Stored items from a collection
=====
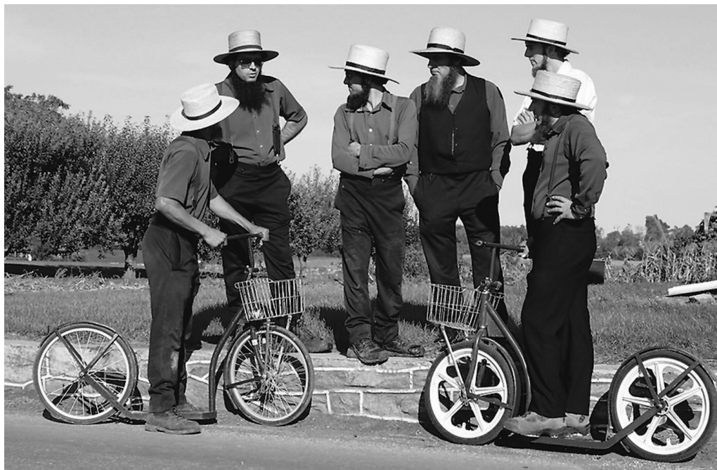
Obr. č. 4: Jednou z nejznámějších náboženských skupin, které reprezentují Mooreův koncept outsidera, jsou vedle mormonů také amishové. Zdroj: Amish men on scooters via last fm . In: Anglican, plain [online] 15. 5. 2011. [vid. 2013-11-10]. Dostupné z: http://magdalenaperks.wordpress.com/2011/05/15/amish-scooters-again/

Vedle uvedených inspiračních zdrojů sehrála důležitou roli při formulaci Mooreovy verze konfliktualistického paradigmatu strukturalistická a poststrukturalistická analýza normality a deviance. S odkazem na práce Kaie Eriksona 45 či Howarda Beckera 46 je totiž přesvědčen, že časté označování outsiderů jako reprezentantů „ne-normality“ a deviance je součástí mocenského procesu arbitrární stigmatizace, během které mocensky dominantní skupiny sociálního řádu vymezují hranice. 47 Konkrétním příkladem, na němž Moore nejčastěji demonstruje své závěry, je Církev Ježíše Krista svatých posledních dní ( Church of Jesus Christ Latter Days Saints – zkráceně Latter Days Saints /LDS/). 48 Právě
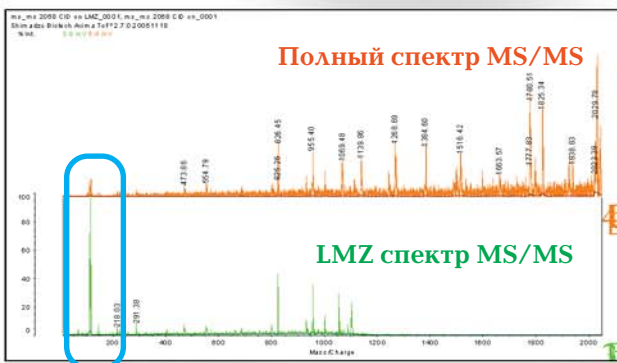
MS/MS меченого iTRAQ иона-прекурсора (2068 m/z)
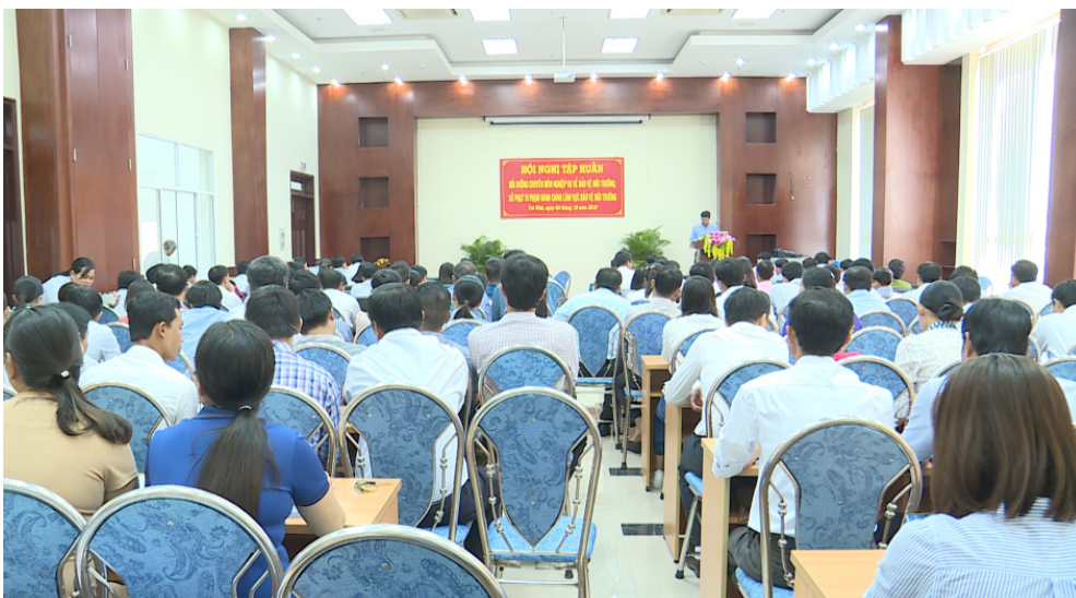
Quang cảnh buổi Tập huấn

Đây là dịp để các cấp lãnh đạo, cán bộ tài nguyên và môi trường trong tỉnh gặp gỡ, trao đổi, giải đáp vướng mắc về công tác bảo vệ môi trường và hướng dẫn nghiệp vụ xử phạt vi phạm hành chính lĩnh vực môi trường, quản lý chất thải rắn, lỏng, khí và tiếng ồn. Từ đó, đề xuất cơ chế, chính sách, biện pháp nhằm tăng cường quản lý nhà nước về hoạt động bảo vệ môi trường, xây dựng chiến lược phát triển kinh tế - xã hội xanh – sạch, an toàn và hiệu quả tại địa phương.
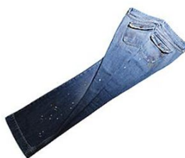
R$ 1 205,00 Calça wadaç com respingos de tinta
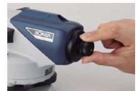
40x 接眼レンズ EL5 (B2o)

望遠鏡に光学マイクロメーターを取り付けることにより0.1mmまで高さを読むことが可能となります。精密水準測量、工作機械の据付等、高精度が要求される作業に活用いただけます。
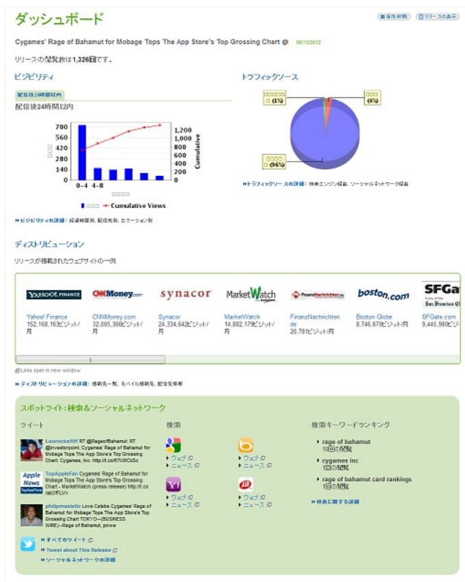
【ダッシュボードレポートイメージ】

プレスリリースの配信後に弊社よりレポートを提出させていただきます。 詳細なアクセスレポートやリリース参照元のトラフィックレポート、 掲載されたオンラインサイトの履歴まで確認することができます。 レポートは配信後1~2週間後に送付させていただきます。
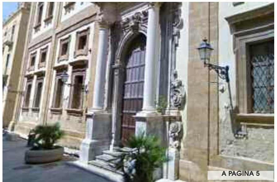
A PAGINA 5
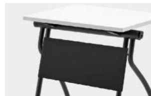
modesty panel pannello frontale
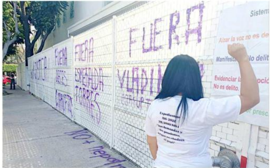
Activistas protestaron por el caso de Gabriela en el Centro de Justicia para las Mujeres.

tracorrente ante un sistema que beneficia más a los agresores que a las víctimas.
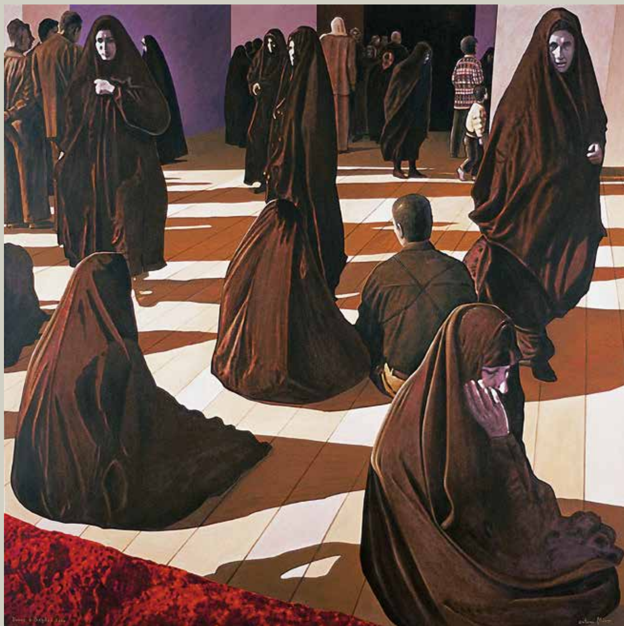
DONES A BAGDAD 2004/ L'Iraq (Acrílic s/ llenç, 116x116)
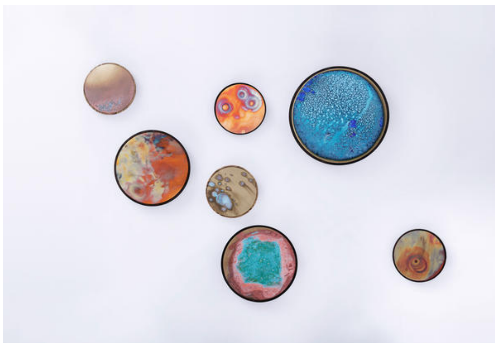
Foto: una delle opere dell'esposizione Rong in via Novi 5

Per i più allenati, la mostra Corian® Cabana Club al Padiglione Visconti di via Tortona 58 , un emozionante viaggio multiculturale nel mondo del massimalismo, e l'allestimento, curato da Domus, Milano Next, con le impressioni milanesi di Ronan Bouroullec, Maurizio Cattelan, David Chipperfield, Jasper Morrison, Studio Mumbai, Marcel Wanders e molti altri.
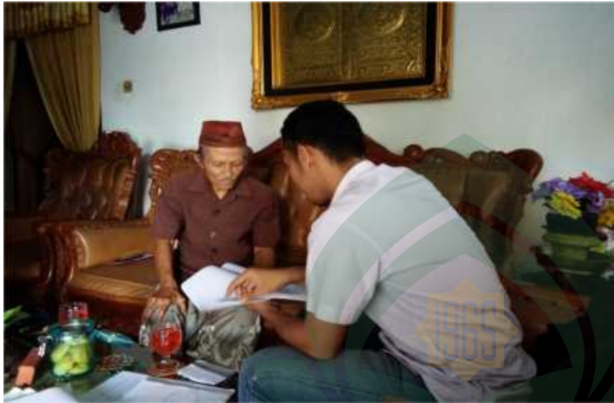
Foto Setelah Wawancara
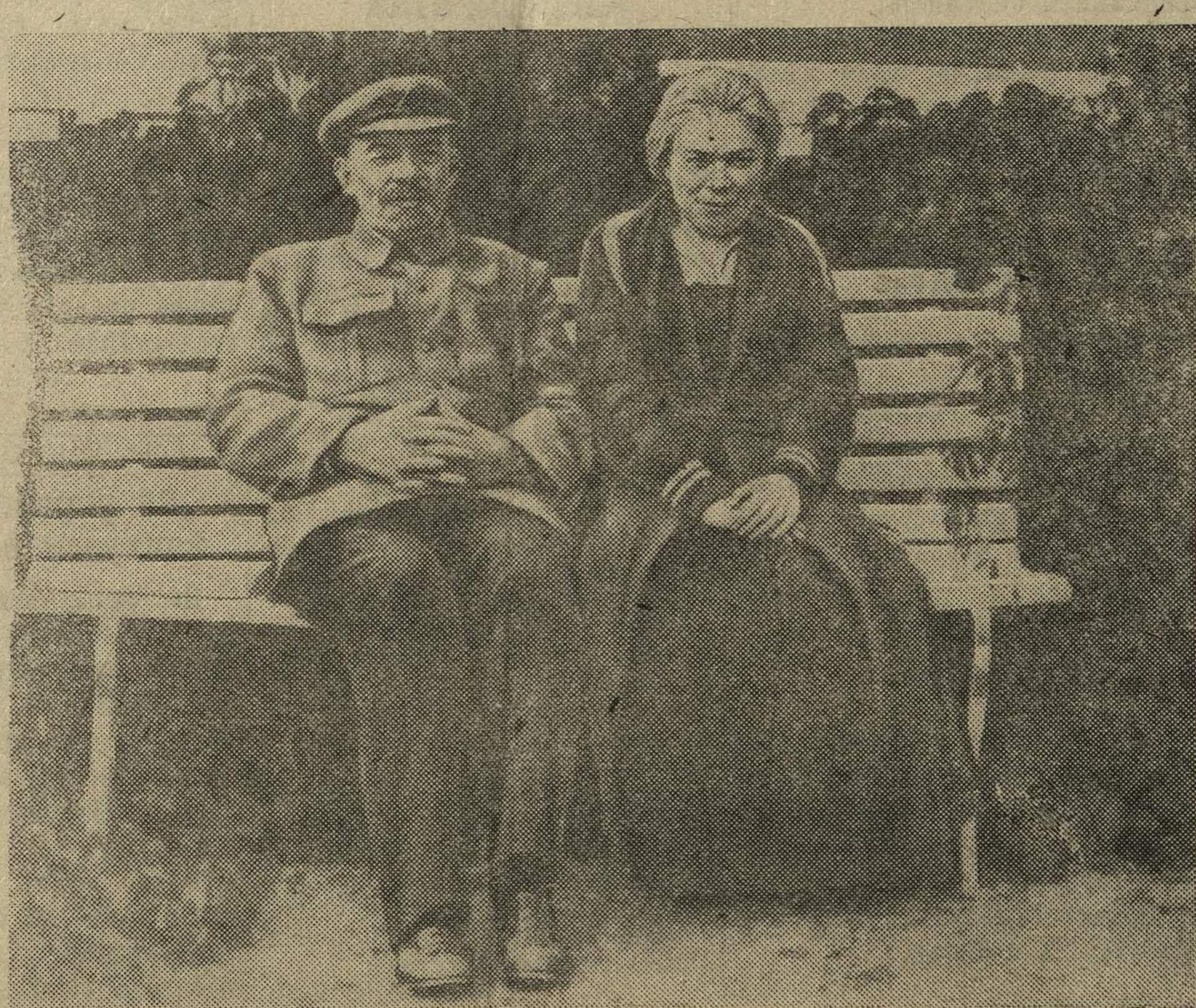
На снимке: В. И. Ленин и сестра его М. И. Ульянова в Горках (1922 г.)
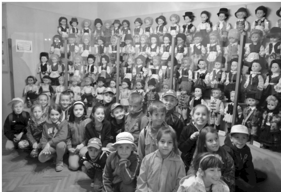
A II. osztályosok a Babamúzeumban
=====
**Activity**: Without the pictures, return the whole of the data exactly as given.

**Solution**:
Obr. č. 4: Jednou z nejznámějších náboženských skupin, které reprezentují Mooreův koncept outsidera, jsou vedle mormonů také amishové. Zdroj: Amish men on scooters via last fm . In: Anglican, plain [online] 15. 5. 2011. [vid. 2013-11-10]. Dostupné z: http://magdalenaperks.wordpress.com/2011/05/15/amish-scooters-again/

Vedle uvedených inspiračních zdrojů sehrála důležitou roli při formulaci Mooreovy verze konfliktualistického paradigmatu strukturalistická a poststrukturalistická analýza normality a deviance. S odkazem na práce Kaie Eriksona 45 či Howarda Beckera 46 je totiž přesvědčen, že časté označování outsiderů jako reprezentantů „ne-normality“ a deviance je součástí mocenského procesu arbitrární stigmatizace, během které mocensky dominantní skupiny sociálního řádu vymezují hranice. 47 Konkrétním příkladem, na němž Moore nejčastěji demonstruje své závěry, je Církev Ježíše Krista svatých posledních dní ( Church of Jesus Christ Latter Days Saints – zkráceně Latter Days Saints /LDS/). 48 Právě
MS/MS меченого iTRAQ иона-прекурсора (2068 m/z)
Quang cảnh buổi Tập huấn

Đây là dịp để các cấp lãnh đạo, cán bộ tài nguyên và môi trường trong tỉnh gặp gỡ, trao đổi, giải đáp vướng mắc về công tác bảo vệ môi trường và hướng dẫn nghiệp vụ xử phạt vi phạm hành chính lĩnh vực môi trường, quản lý chất thải rắn, lỏng, khí và tiếng ồn. Từ đó, đề xuất cơ chế, chính sách, biện pháp nhằm tăng cường quản lý nhà nước về hoạt động bảo vệ môi trường, xây dựng chiến lược phát triển kinh tế - xã hội xanh – sạch, an toàn và hiệu quả tại địa phương.
R$ 1 205,00 Calça wadaç com respingos de tinta
40x 接眼レンズ EL5 (B2o)

望遠鏡に光学マイクロメーターを取り付けることにより0.1mmまで高さを読むことが可能となります。精密水準測量、工作機械の据付等、高精度が要求される作業に活用いただけます。
【ダッシュボードレポートイメージ】

プレスリリースの配信後に弊社よりレポートを提出させていただきます。 詳細なアクセスレポートやリリース参照元のトラフィックレポート、 掲載されたオンラインサイトの履歴まで確認することができます。 レポートは配信後1~2週間後に送付させていただきます。
A PAGINA 5
modesty panel pannello frontale
Activistas protestaron por el caso de Gabriela en el Centro de Justicia para las Mujeres.

tracorrente ante un sistema que beneficia más a los agresores que a las víctimas.
DONES A BAGDAD 2004/ L'Iraq (Acrílic s/ llenç, 116x116)
Foto: una delle opere dell'esposizione Rong in via Novi 5

Per i più allenati, la mostra Corian® Cabana Club al Padiglione Visconti di via Tortona 58 , un emozionante viaggio multiculturale nel mondo del massimalismo, e l'allestimento, curato da Domus, Milano Next, con le impressioni milanesi di Ronan Bouroullec, Maurizio Cattelan, David Chipperfield, Jasper Morrison, Studio Mumbai, Marcel Wanders e molti altri.
Foto Setelah Wawancara
На снимке: В. И. Ленин и сестра его М. И. Ульянова в Горках (1922 г.)
A II. osztályosok a Babamúzeumban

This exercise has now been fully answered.